Macro-level traffic safety modeling aims to identify critical risk factors to reginal crashes, providing essential basis for effective countermeasures by traffic managers. Previous work mainly incorporated macro and static socio-demographic and infrastructure features, overlooking drivers’ visual perception of environment, which crucially influences their driving behavior and thus safety. Moreover, spatial machine learning (ML) has gained prominence for its strong crash prediction performance. However, existing spatial ML typically apply spatial effects at a fixed or homogeneous scale (e.g., specific Euclidean distances), limiting their ability to capture the multiscale spatial heterogeneity of features. To address these gaps, emerging image semantic segmentation technique is employed to extract visual environment features (e.g., buildings, trees) from Google Street View (GSV) images. A novel spatial ML method, Multiscale Geographical Random Forest (MGRF), is proposed to overcome fixed-spatial scale constraints to adaptive multiscale spatial modeling. Empirical experiments on Southeast Florida show that the inclusion of visual environment features from 228,352 street view images leads to notably improved crash prediction. Compared to traditional models (e.g., multiscale geographically weighted regression), MGRF fits optimal spatial bandwidths for each sample, achieving improvements of 30.31%, 9.98%, and 5.53% in MSE, MAE, and R², respectively. By incorporating SHapley Additive exPlanations, MGRF identified key risk features for each region and quantified their spatial heterogeneity. The Results reveal that in urban core areas, the proportion of cars in GSV, which reflects road traffic condition, is the most critical feature contributing positively to increase in crashes. In contrast, for suburban regions, lower road density and abundant green spaces are associated with a reduction in crashes. This study highlights the significant potential of integrating street-view semantic visual features with multiscale spatial ML to enhance traffic safety analysis.

查看原文本刊更多论文

多尺度地理随机森林：一种集成街景语义视觉特征的交通安全建模新空间ML方法

宏观层面的交通安全建模旨在识别区域交通事故的关键风险因素，为交通管理者采取有效对策提供必要依据。以往的工作主要是将宏观和静态的社会人口和基础设施特征纳入其中，忽略了驾驶员对环境的视觉感知，而视觉感知对驾驶员的驾驶行为和安全有着至关重要的影响。此外，空间机器学习（ML）因其强大的碰撞预测性能而备受关注。然而，现有的空间机器学习通常在固定或均匀的尺度上应用空间效果（例如，特定的欧几里得距离），限制了它们捕捉特征的多尺度空间异质性的能力。为了解决这些差距，采用新兴的图像语义分割技术从谷歌街景（GSV）图像中提取视觉环境特征（如建筑物、树木）。多尺度地理随机森林（MGRF）是一种克服固定空间尺度约束的自适应多尺度空间建模方法。在佛罗里达东南部进行的实证实验表明，包含228,352张街景图像的视觉环境特征可以显著提高碰撞预测。与传统模型（如多尺度地理加权回归）相比，MGRF对每个样本的空间带宽进行了最优拟合，MSE、MAE和R2分别提高了30.31%、9.98%和5.53%。通过结合SHapley加性解释，MGRF确定了每个区域的关键风险特征，并量化了它们的空间异质性。结果表明，在城市核心区，反映道路交通状况的城市交通车辆占比是影响交通事故增加的最关键特征。相比之下，在郊区，较低的道路密度和丰富的绿地与撞车事故的减少有关。该研究强调了将街景语义视觉特征与多尺度空间机器学习相结合以增强交通安全分析的巨大潜力。

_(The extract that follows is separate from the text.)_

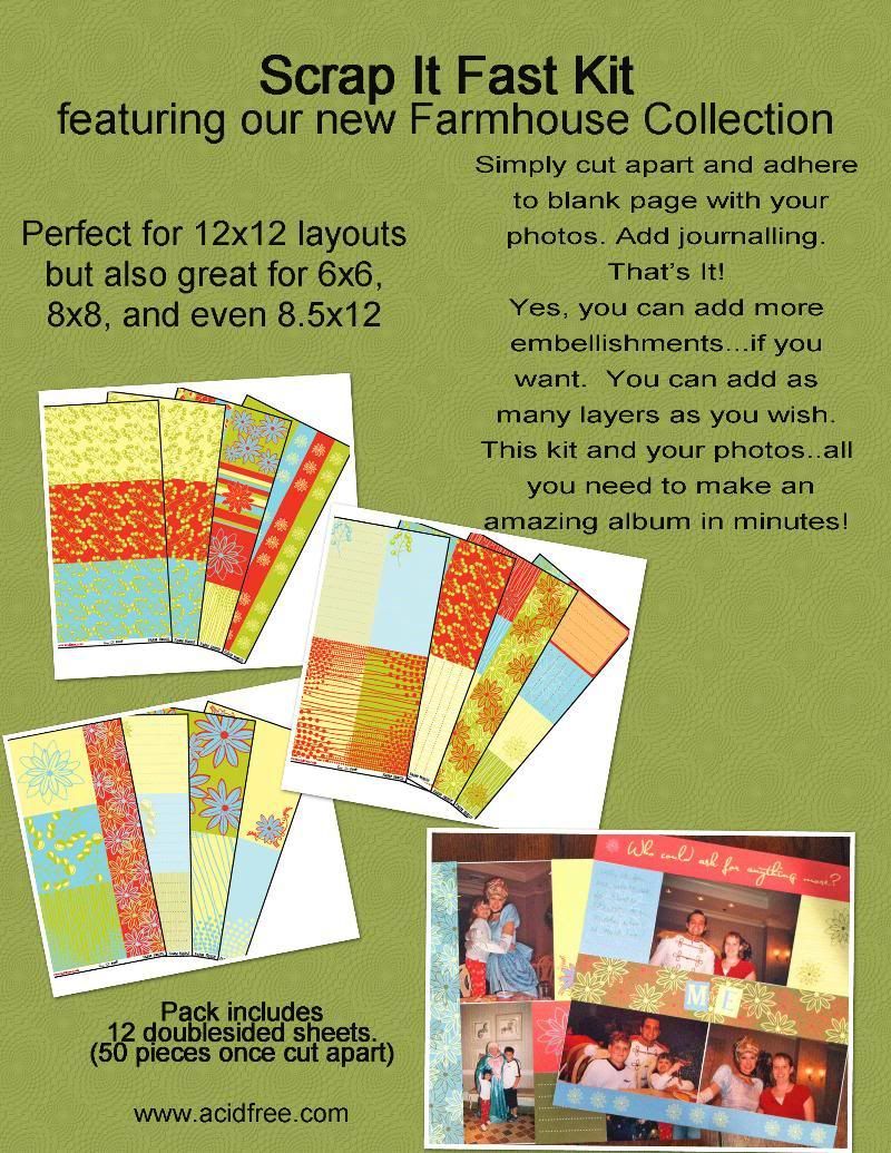 These kits, featuring their new Farmhouse paper collection", includes 12 double-sided printed sheets of paper. These can be cut apart in various ways to make 12X12, 6X6, 8X8, and more layouts!
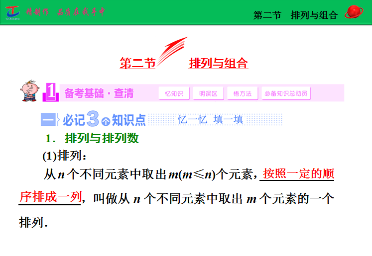 百度:2015届高考人教版数学(理)大一轮复习精讲课件:第9章 第2节 排列与组合

本文章由计算机程序翻译，如有差异，请以英文原文为准。

求助全文

约1分钟内获得全文求助全文

来源期刊

Transportation Research Part C-Emerging Technologies 工程技术-运输科技

CiteScore

15.80

自引率

12.00%

发文量

332

审稿时长

64 days

期刊介绍： Transportation Research: Part C (TR_C) is dedicated to showcasing high-quality, scholarly research that delves into the development, applications, and implications of transportation systems and emerging technologies. Our focus lies not solely on individual technologies, but rather on their broader implications for the planning, design, operation, control, maintenance, and rehabilitation of transportation systems, services, and components. In essence, the intellectual core of the journal revolves around the transportation aspect rather than the technology itself. We actively encourage the integration of quantitative methods from diverse fields such as operations research, control systems, complex networks, computer science, and artificial intelligence. Join us in exploring the intersection of transportation systems and emerging technologies to drive innovation and progress in the field.